Beginning with the line that contains "This soup tastes", retype the entries below exactly, ending with the line that contains "Vous ne le savez". Leave out any pictures.

**Recorded data**
-- Opening Marker --
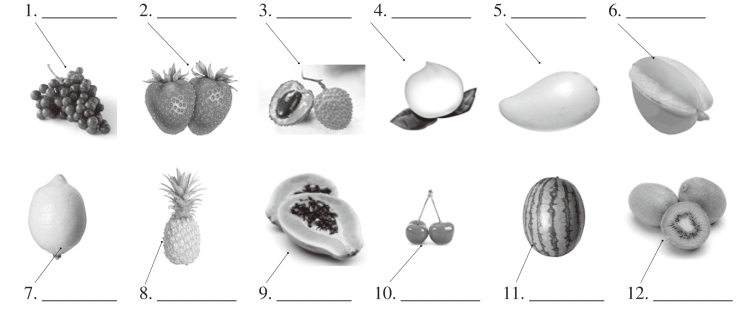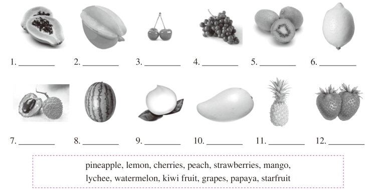 A Do you know the following fruit? Label the pictures with the correct words from the box below.Then listen and repeat those words.
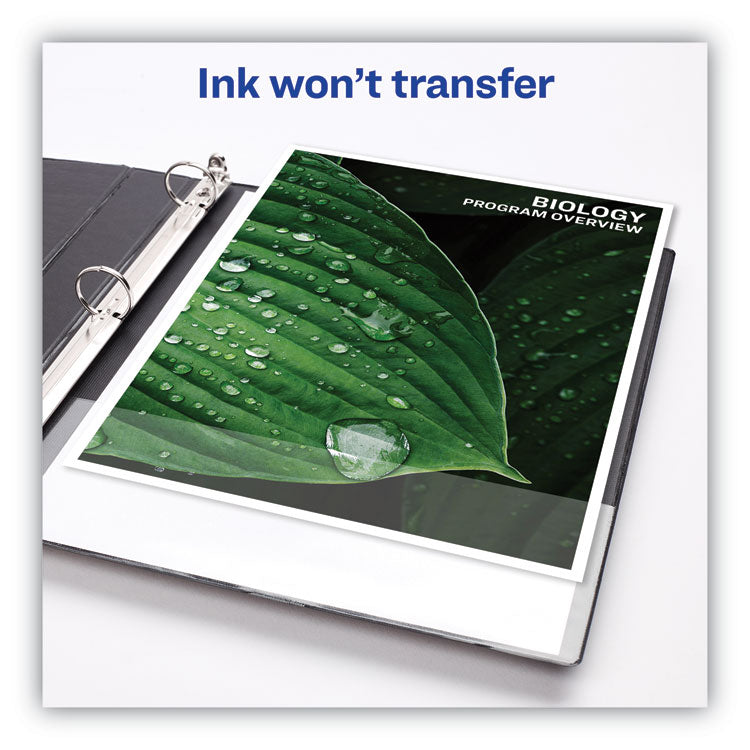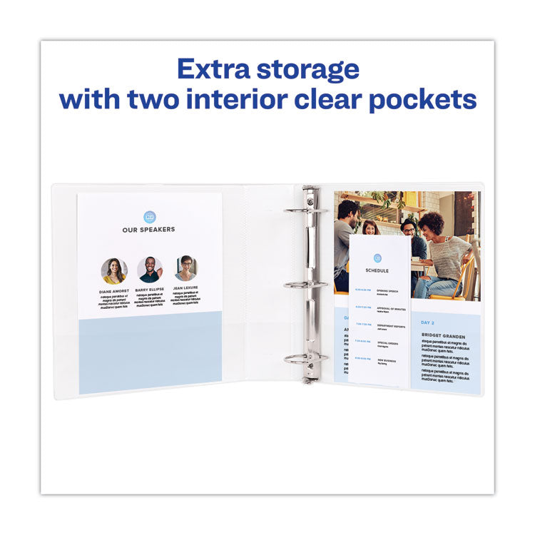With this Heavy-Duty Nonstick View Binder you get one-touch operation and the durability required for everyday use. Nonstick material won't lift ink or toner off printed pages. Tear-resistant DuraHinge® design is stronger and lasts longer. DuraEdge® feature makes the sides and top more pliable, providing greater split resistance. Deeply textured film offers a smoother finish and features a linen pattern for a high-quality look and feel. Four clear, interior pockets provide extra storage space. Wider front and back panels fully cover standard dividers and sheet protectors. Slant rings have a higher page capacity when compared to the same size round rings. Pages lie flat with back-mounted rings (exposed rivets on back). Customize your title page using free templates and designs at Avery® Design & Print Online. Slant Rings-Holds more sheets than the same size round rings. Binder Type: Ring; Binder Style: View; Binder Size Capacity: 2"; Binder Sheet Capacity: 540.
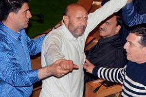 Controversial Independent MLA from Langate Sheikh Abdul Rashid was today detained along with several of his supporters as he tried to march towards the local office of the United Nations Military Observers Group.
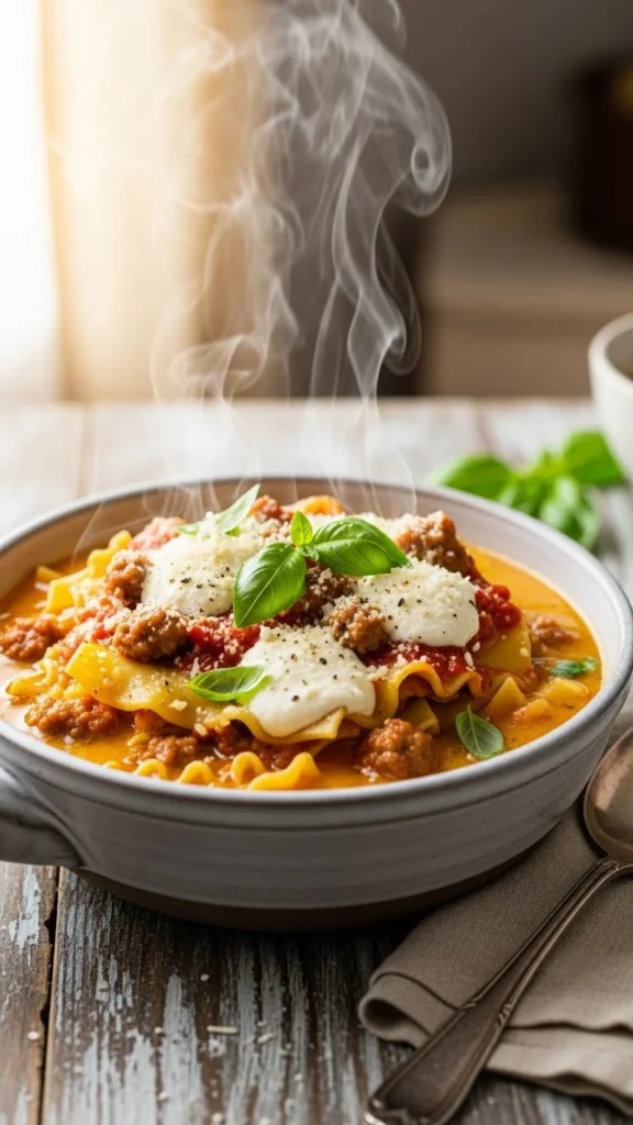 This soup tastes like creamy lasagna in a cozy winter bowl. The sausage adds rich flavor and the noodles stay soft in the thick broth. It’s satisfying without needing any baking.
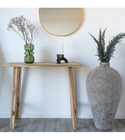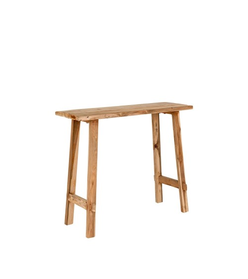 Vous ne le savez peut-être pas encore, mais Girona va devenir votre meilleur alliée au quotidien ! Cette console en teck proposée par House Nordic pourra se faire une place dans de nombreux spots de la maison. Elle affiche en effet un plateau rectangulaire au bois tout en nuances de 90 x 30 cm et mesure 80 cm de haut. Elle est dotée de 4 pieds, reliés deux par deux façon chevalet d'artiste. Voilà pour les caractéristiques techniques !Cette console nous charme par son look rustique aussi simple qu'efficace. Pour compenser le côté brut du meuble, mariez-le à des vases colorés et des objets de déco originaux.La console Girona pourra être positionnée dans l'entrée, mais également dans un couloir, pour occuper l'espace de façon astucieuse. Dans une chambre, elle pourra accueillir votre nécessaire de beauté. Dans un bureau, elle sera utile pour déposer des livres et documents, et vous pouvez aussi l'installer dans votre salon, en guise de meuble d'appoint. Si votre table basse et votre table à manger sont en bois, vous pourrez créer une jolie harmonie dans la pièce. N'hésitez pas alors à mixer le mobilier en bois brut avec des assises colorées et des tableaux modernes aux murs.
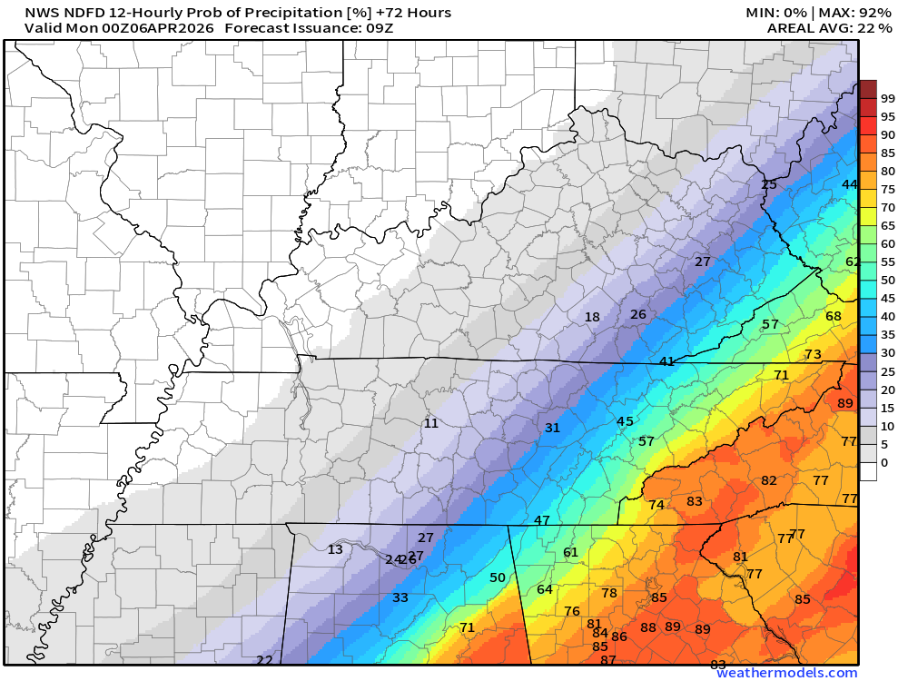 Notice the area of lower totals over portions of Kentucky and Tennessee (lower as you travel eastward).
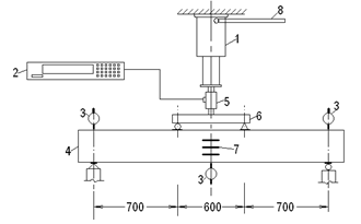 试验方案和测点布置如图4—2所示。图中:1—手动机械式螺旋千斤顶;2—应变仪(YE2538);3—挠度计或百分表;4—试件;5—拉压力传感器;6—分配梁;7—应变片;8—千斤顶摇柄。
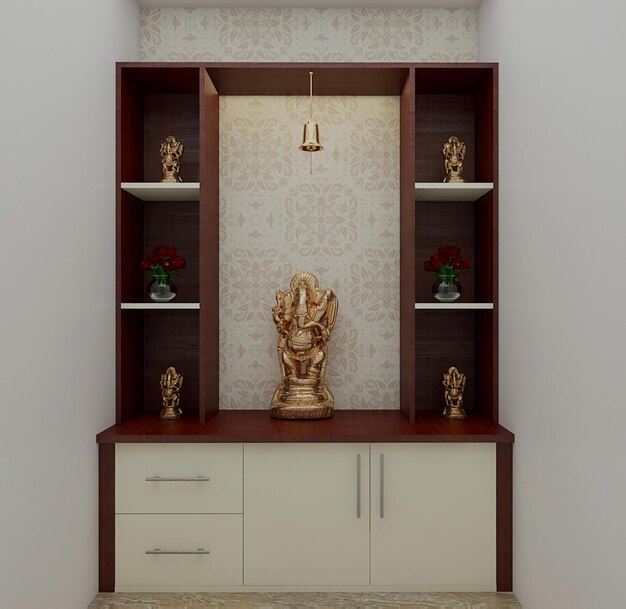 A dedicated spiritual corner, designed with traditional aesthetics, offering serenity and a sacred atmosphere for daily worship rituals.
-- Closing Marker --
**YOUR SOLUTION**
 This soup tastes like creamy lasagna in a cozy winter bowl. The sausage adds rich flavor and the noodles stay soft in the thick broth. It’s satisfying without needing any baking.
 Vous ne le savez peut-être pas encore, mais Girona va devenir votre meilleur alliée au quotidien ! Cette console en teck proposée par House Nordic pourra se faire une place dans de nombreux spots de la maison. Elle affiche en effet un plateau rectangulaire au bois tout en nuances de 90 x 30 cm et mesure 80 cm de haut. Elle est dotée de 4 pieds, reliés deux par deux façon chevalet d'artiste. Voilà pour les caractéristiques techniques !Cette console nous charme par son look rustique aussi simple qu'efficace. Pour compenser le côté brut du meuble, mariez-le à des vases colorés et des objets de déco originaux.La console Girona pourra être positionnée dans l'entrée, mais également dans un couloir, pour occuper l'espace de façon astucieuse. Dans une chambre, elle pourra accueillir votre nécessaire de beauté. Dans un bureau, elle sera utile pour déposer des livres et documents, et vous pouvez aussi l'installer dans votre salon, en guise de meuble d'appoint. Si votre table basse et votre table à manger sont en bois, vous pourrez créer une jolie harmonie dans la pièce. N'hésitez pas alors à mixer le mobilier en bois brut avec des assises colorées et des tableaux modernes aux murs.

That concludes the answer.